— Records from a data source —
= Beginning of Section =
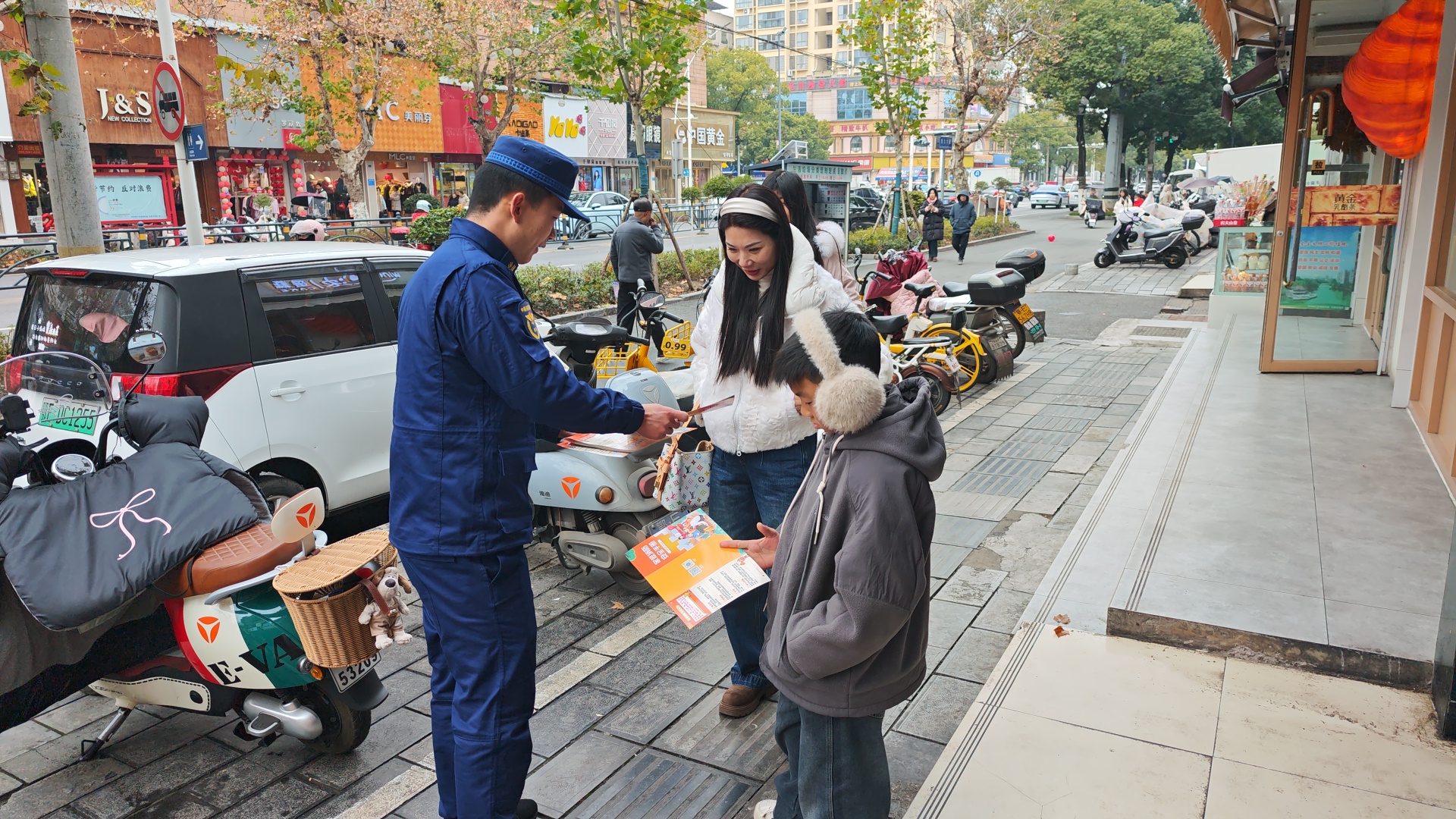 活动中,宣传人员与商户负责人及店员面对面交流,结合冬季天干物燥、用火用电用气需求增加的火灾特点,重点讲解违规住人、私拉乱接电线、违规使用大功率取暖设备、堵塞消防通道等常见隐患的危害性。针对商铺货物堆放密集、用电设备多的实际情况,宣传人员手把手指导商户正确检查电路线路、规范使用灭火器,提醒大家及时清理店内及门口的纸箱、塑料瓶等易燃杂物,严格落实“人走电断、火熄气关”的安全准则。
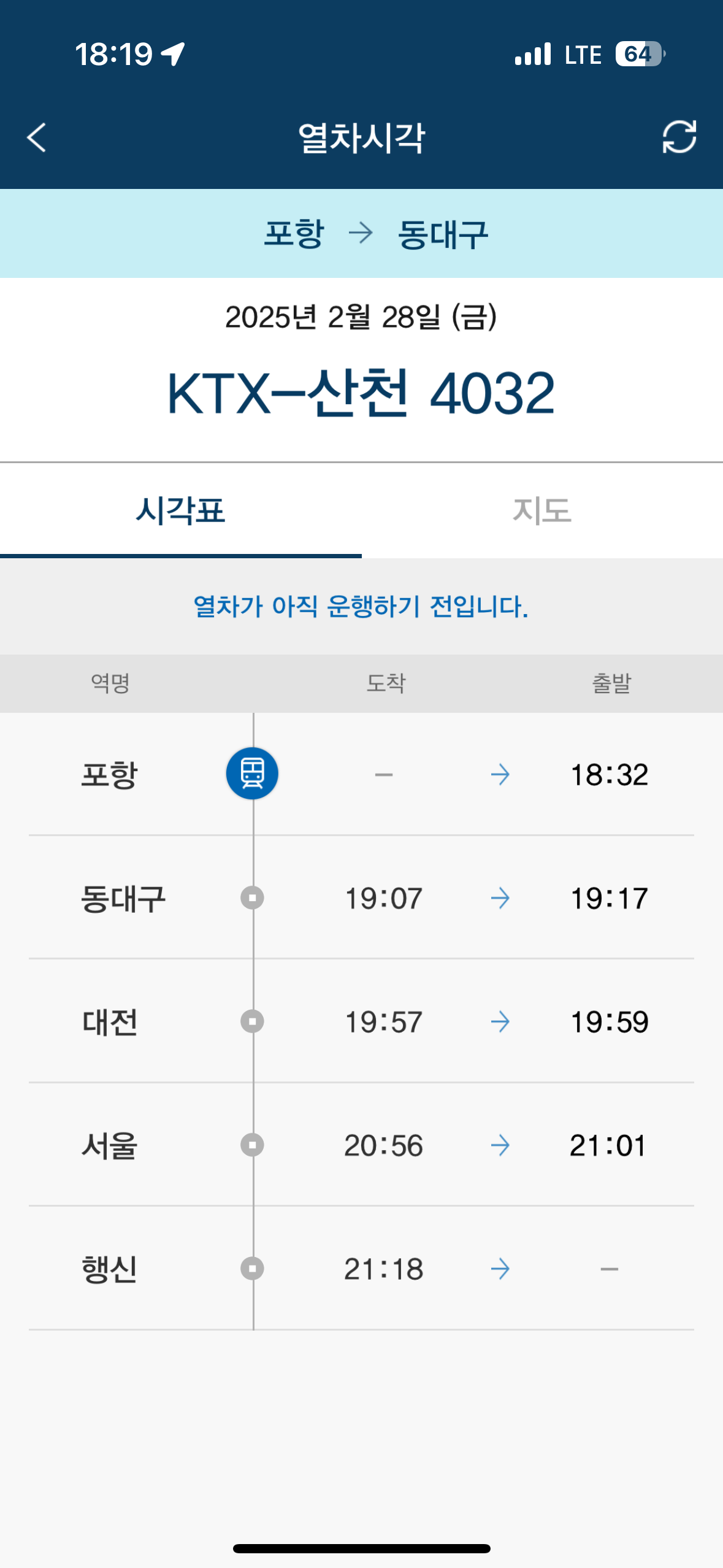 포항역에서 KTX를 탑승할때만 하더라도 한참 일몰이 지는 시간이었는데요. 30분 넘게 달리다보니 어느새 KTX 밖의 풍경은 어두워져서 전혀보이지 않게 되었습니다. 포항역에서 동대구역까지는 일반선로를 달리기 때문에 빠른 속도 체감은 하기 어렵습니다. 서경주역을 지나서 건천연결선을 통해 경부선으로 합류해서는 동대구역까지 잠시나마 최고속도로 KTX 산천이 달리는 것을 볼 수 있게 됩니다.
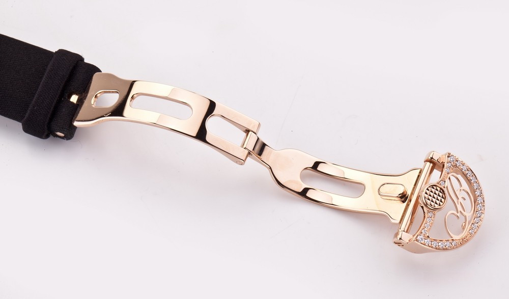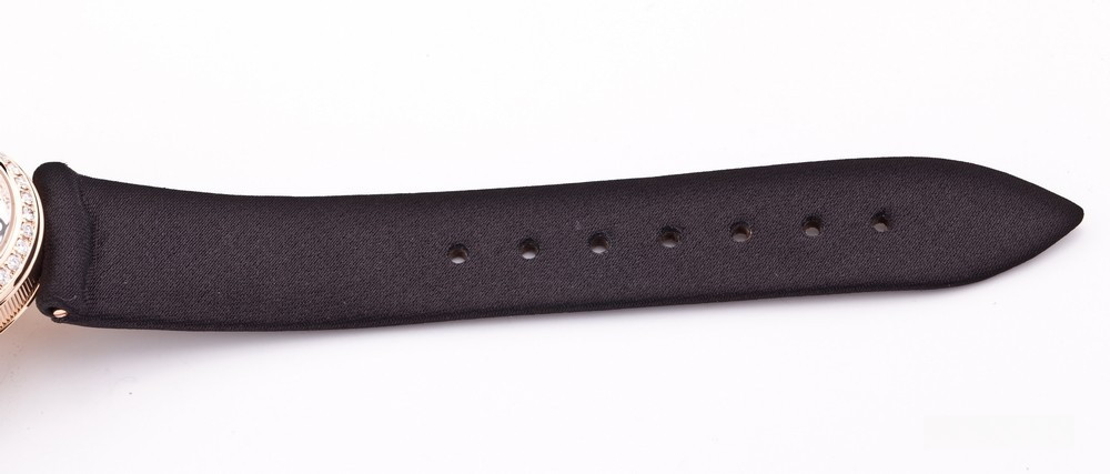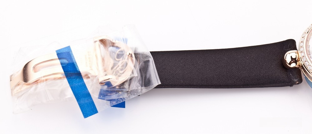 водонепроницаемость 30 м, безель из 117-и белых бриллиантов 0.99 ct., заводная головка инкрустирована белым бриллиантом 0.26 ct.
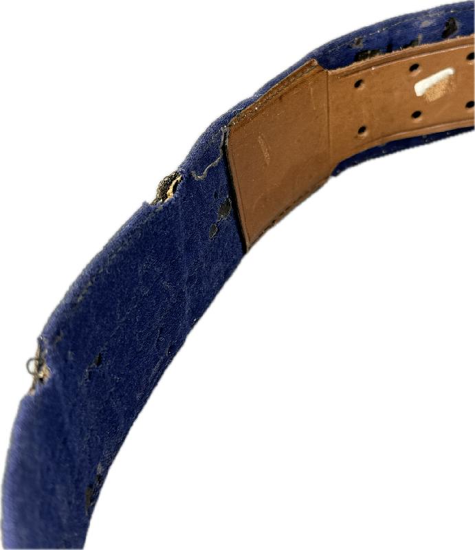 Celui-ci est en état moyen, des trous de mites sur la laine bleue (voir photos). Belle boucle blanche nickelée (régiments blancs), manque les deux passants, attache réglable de la boucle en aluminium.
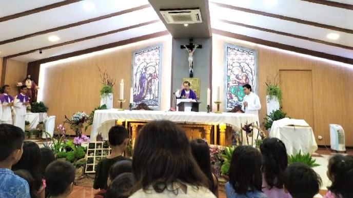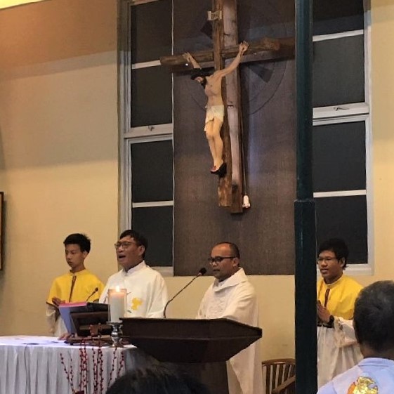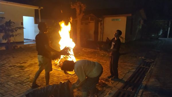 Tim Penata Ibadat Membakar Palma Kering untuk 5 Lokasi Misa di Paroki Ciledug
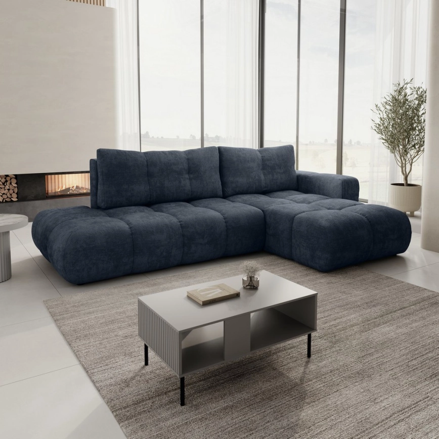 • ALMADA L‑vormige gestoffeerde hoekbank met slaapfunctie en opbergruimte, linkeropstelling, blauw
= End of Section =
— WORK INSTRUCTIONS —
Repeat exactly the lines from the first line of the records above through the line containing "водонепроницаемость 30 м, безель", leaving out the pictures.

— WRITTEN SOLUTION —
 活动中,宣传人员与商户负责人及店员面对面交流,结合冬季天干物燥、用火用电用气需求增加的火灾特点,重点讲解违规住人、私拉乱接电线、违规使用大功率取暖设备、堵塞消防通道等常见隐患的危害性。针对商铺货物堆放密集、用电设备多的实际情况,宣传人员手把手指导商户正确检查电路线路、规范使用灭火器,提醒大家及时清理店内及门口的纸箱、塑料瓶等易燃杂物,严格落实“人走电断、火熄气关”的安全准则。
 포항역에서 KTX를 탑승할때만 하더라도 한참 일몰이 지는 시간이었는데요. 30분 넘게 달리다보니 어느새 KTX 밖의 풍경은 어두워져서 전혀보이지 않게 되었습니다. 포항역에서 동대구역까지는 일반선로를 달리기 때문에 빠른 속도 체감은 하기 어렵습니다. 서경주역을 지나서 건천연결선을 통해 경부선으로 합류해서는 동대구역까지 잠시나마 최고속도로 KTX 산천이 달리는 것을 볼 수 있게 됩니다.
 водонепроницаемость 30 м, безель из 117-и белых бриллиантов 0.99 ct., заводная головка инкрустирована белым бриллиантом 0.26 ct.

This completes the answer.